At the end of an interview, Kimi founder Yang Zhilin used AI training as an analogy for how a CEO manages a team.
-
SFT (supervised fine-tuning): top-down management, where the manager gives team members detailed instructions. It can be efficient, but it risks suppressing initiative and creativity.
-
RL (reinforcement learning): set a clear goal, or reward, and let team members figure out the method themselves. It can maximize creativity, but it also creates the risk of "reward hacking," where people game the metric instead of achieving the real objective.

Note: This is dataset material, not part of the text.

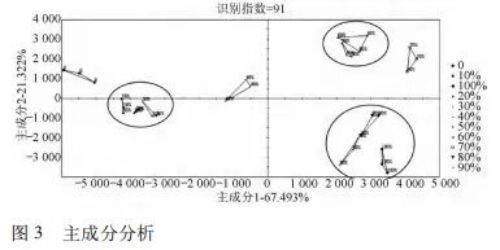PCA是將所得的數(shù)據(jù)進(jìn)行降維,提取幾個(gè)特征值較大能反映樣本信息變量的因子進(jìn)行線性分類,以得到具有不同氣味區(qū)域和簇的描述性圖表。在經(jīng)過超快速氣相電子鼻檢測(cè)得到不同調(diào)配比例金銀花粉末的色譜峰面積以及峰數(shù)量后,篩選出區(qū)分能力強(qiáng)(>0.900)且峰面積較大(range>1000)分離效果較好的色譜峰作為傳感器,進(jìn)行PCA分析,得出主成分1與主成分2累計(jì)貢獻(xiàn)率88.815%,能夠較好地反映所測(cè)樣品中氣味信息。識(shí)別指數(shù)91,說明超快速氣相電子鼻可有效區(qū)分不同調(diào)配比例金銀花粉末,見圖3。此外,10%~20%,20%~30%,50%~60%,80%~90%,90%~100%間區(qū)分較為困難。據(jù)此,可將不同調(diào)配比例金銀花粉末可分為6類,即①0;②10%,20%,30%;③40%;④50%,60%;⑤70%;⑥80%,90%,100%。

"The risk of managing with SFT is that people lose creativity. The risk of managing with RL is that the reward gets hacked. It can look like you achieved a good result, while in reality you still missed the final goal."
He sees balancing those two approaches as one of the CEO's key responsibilities, and said he is experimenting with a model centered on RL, using SFT as a supporting mechanism to provide direction.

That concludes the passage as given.